### INFORMATION PROVIDED

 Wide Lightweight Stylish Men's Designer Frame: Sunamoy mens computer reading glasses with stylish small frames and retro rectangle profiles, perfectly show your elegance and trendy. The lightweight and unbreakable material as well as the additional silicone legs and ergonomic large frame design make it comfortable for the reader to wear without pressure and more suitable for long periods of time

--

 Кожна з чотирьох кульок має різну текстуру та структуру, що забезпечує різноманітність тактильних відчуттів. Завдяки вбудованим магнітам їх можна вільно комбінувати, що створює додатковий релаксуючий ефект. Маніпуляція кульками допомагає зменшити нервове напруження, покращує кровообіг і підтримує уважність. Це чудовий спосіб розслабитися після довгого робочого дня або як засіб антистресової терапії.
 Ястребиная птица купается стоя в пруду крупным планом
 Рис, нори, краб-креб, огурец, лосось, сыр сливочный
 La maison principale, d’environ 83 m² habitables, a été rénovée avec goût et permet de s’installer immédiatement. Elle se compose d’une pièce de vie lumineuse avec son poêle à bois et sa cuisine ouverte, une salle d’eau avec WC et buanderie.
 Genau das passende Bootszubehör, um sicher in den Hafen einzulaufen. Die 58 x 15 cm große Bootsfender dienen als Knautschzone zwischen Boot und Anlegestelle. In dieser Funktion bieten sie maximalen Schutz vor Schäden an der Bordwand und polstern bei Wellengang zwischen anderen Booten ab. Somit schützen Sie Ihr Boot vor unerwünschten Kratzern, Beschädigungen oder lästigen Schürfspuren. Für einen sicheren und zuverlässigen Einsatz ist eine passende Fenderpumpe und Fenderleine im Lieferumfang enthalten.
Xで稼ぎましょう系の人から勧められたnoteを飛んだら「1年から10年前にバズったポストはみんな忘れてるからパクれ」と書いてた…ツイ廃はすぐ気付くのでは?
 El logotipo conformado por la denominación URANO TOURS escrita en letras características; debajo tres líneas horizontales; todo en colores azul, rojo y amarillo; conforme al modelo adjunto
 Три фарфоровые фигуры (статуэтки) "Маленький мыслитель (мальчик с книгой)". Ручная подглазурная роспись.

### WHAT THE TASK REQUIRES
Within the listing above, give again exactly every line from the line with "Рис, нори, краб-креб, огурец, лосось, сыр" through the line with "Xで稼ぎましょう系の人から勧", both included, and no other line.

### SOLVED PROBLEM
 Рис, нори, краб-креб, огурец, лосось, сыр сливочный
 La maison principale, d’environ 83 m² habitables, a été rénovée avec goût et permet de s’installer immédiatement. Elle se compose d’une pièce de vie lumineuse avec son poêle à bois et sa cuisine ouverte, une salle d’eau avec WC et buanderie.
 Genau das passende Bootszubehör, um sicher in den Hafen einzulaufen. Die 58 x 15 cm große Bootsfender dienen als Knautschzone zwischen Boot und Anlegestelle. In dieser Funktion bieten sie maximalen Schutz vor Schäden an der Bordwand und polstern bei Wellengang zwischen anderen Booten ab. Somit schützen Sie Ihr Boot vor unerwünschten Kratzern, Beschädigungen oder lästigen Schürfspuren. Für einen sicheren und zuverlässigen Einsatz ist eine passende Fenderpumpe und Fenderleine im Lieferumfang enthalten.
Xで稼ぎましょう系の人から勧められたnoteを飛んだら「1年から10年前にバズったポストはみんな忘れてるからパクれ」と書いてた…ツイ廃はすぐ気付くのでは?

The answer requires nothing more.